Citigroup’s decision to withdraw from retail banking in South Korea has sparked concerns over the possibility of other global financial companies following suit.
Korea has nurtured ambitions to become Asia’s next financial hub for nearly 20 years, but in that time, the presence of foreign banks has not grown, but weakened. Citi’s choice of Korea as one of 13 markets to exit suggests that trend is continuing.
According to data published April 14 by Financial Hub Korea under the Financial Supervisory Service, the number of foreign banks’ branches and offices has been falling every year. As of end-December last year, the figure dropped further to 54, from 60 four years ago, excluding the retail branches of Citibank and UK multinational Standard Chartered.
Since 2017, five foreign brokerages, asset management houses and insurance firms have also left the country, it added.
The departure of foreign institutions in recent years appears to have been triggered by HSBC’s sale of its retail business here eight years ago, according to market experts. Royal Bank of Scotland left in 2015, followed by Barclays in 2017, while Goldman Sachs, UBS and Australia-based Macquarie have all reduced their presence in Korea. Global insurer ING withdrew its business from Korea in 2013, and UK-based Prudential Financial sold its local unit PCA Life Insurance to Mirae Asset in 2017. Paris-based AXA Group’s insurance operation in Korea has also been put up for sale.
Plummeting profits and rising costs have been cited as the main reasons for banks leaving the country, but the foreign exodus demonstrates how South Korea is losing its charm as a market for future growth -- and the nation’s strict regulations are to blame, experts say.
“Amid the ongoing low-rate environment, global financial companies have decided to withdraw businesses from less profitable nations. ... They commonly have stricter financial regulations and Korea has even tougher restraints among them,” said Kim Sang-bong, an economics professor at Hansung University, citing the Financial Services Commission’s involvement in banks’ dividend payouts.
High corporate tax is another reason, said Sung Tae-yoon, an economics professor at Yonsei University.
“Korea’s maximum corporate tax is too high compared to other Asian countries such as Singapore and Hong Kong.
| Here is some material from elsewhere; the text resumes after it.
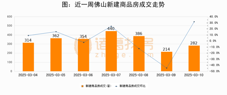 【佛山成交日报】03月10日新房成交282套、二手房164套;

And there are plenty of stubborn financial regulations that make it difficult for financial firms to do business stably,” he said.
Regulators, however, still argue that the market is full of opportunity.
“We count on global financial companies to join in a new journey with us to mutual growth of the Korean economy and finance,” Financial Supervisory Service Gov. Yoon Suk-heun said in a keynote speech at FSS Speaks 2021 held online last week.
“If Korea successfully innovates its industry and economic structure through your cooperation, Korea will soon play a role as a leader in the green industry based on its strength in digitalization,” he said.
To convince foreign companies to stay, however, the government needs to review its entire strategy, which has barely changed for nearly two decades, according to Korea Institute of Finance. Citing London-based think tank Z/Yen Group’s latest survey’s results, Seoul ranked as the world’s 25th most influential financial center as of September last year, down 11 notches from 14th four years ago.
“Beginning with the governmental moves to create a financial hub in Northeast Asia in 2003, Korea has constantly promoted the financial center policy, but distinct improvement has not been made so far,” KIF researcher Suh Jeong-ho wrote in the report.
The government may have to highlight its strong IT infrastructure and its rapidly improving environment for data utilization in the post-pandemic era, he added. Construction of an extra engine test bed, in addition to robo-advisers and blockchain designations and strengthening the global cooperation network are some suggestions, he said.